Following an action-packed week on the domestic data front, Canada is headed for relative calm in the week ahead, with just the lonely November housing starts report on the docket. Focus instead will be on external events as economy watchers gauge their impact on the shape of the global growth backdrop. Polling out of the UK continues to suggest that Boris Johnson’s conservatives could be given the majority government needed to push the divorce agreement with the European Union agreed to in October through parliament. Any progress, or lack thereof, on US and China trade negotiations will also be watched closely ahead of the next round of previously-threatened US tariffs later this month. Although the reinstatement of US steel/aluminium tariffs on imports from Brazil and Argentina and the threat of possible new tariffs on France over the last week were also just the latest reminder that international trade policy will remain unpredictable even if a ‘phase 1’ deal with China is ultimately completed.
The significantly softer-than-expected November employment report in Canada released on Friday will keep attention on the near-term economic data flow. Despite the drop in employment, wage growth remained strong. The unemployment rate also jumped higher, but is still low from a historical perspective, and most recognize that Canadian employment numbers are notoriously volatile on a month-over-month basis. Other economic growth numbers out of both Canada and the US have been, if anything, a touch stronger than previously expected. US employment surged higher in November. There were even glimmers of hope that the US industrial sector, which has been weighed down by rising tariff costs, may be hitting a bottom with both domestic shipments and imports of capital goods reportedly picking up in October and sentiment indicators like the ISM manufacturing index stabilizing. We expect next week’s US retail sales report will show a solid tick higher as the all-important holiday shopping season gets more firmly underway. Stronger near-term economic growth numbers only make it more likely that the US Fed is done cutting rates, and we look for the central bank to now hold steady through 2020, including at the last policy decision of 2019 upcoming on December 11th.

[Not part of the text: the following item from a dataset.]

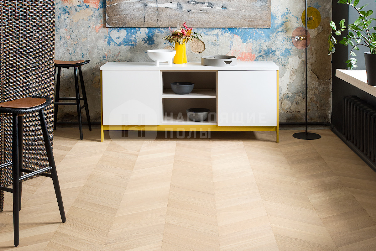Паркет Coswick Французская елка 45 градусов Дуб Ванильный Селект энд Бэттер шелковое масло, 530*107.95*15 мм

The Bank of Canada responded to better global and domestic growth trends by moving more firmly to a ‘neutral’ bias following the last interest rate decision of 2019 – although that was admittedly before the release of the soft November labour market data. That cemented the central bank as one of a shrinking number to resist the urge to cut rates at least once this year. Indeed, the Bank of Canada appears to be (probably correctly) increasingly concerned that some sectors of the economy – namely housing markets – are heating up too quickly resulting in the reacceleration of household debt accumulation from already elevated levels. Reports of further tightening in home resale markets in Toronto and Vancouver in November will only reinforce those concerns. That is not to say that the next move from the Bank of Canada will be an interest rate hike. We still think there is a reasonable chance that they cut in the year ahead – in large part because there is still a non-trivial chance that unexpectedly negative global trade developments spill over into slower activity in Canada. But stronger current conditions also make it tough to see the central bank making a move as soon as the Q1 2020 cut that we have had in our own base case economic forecast.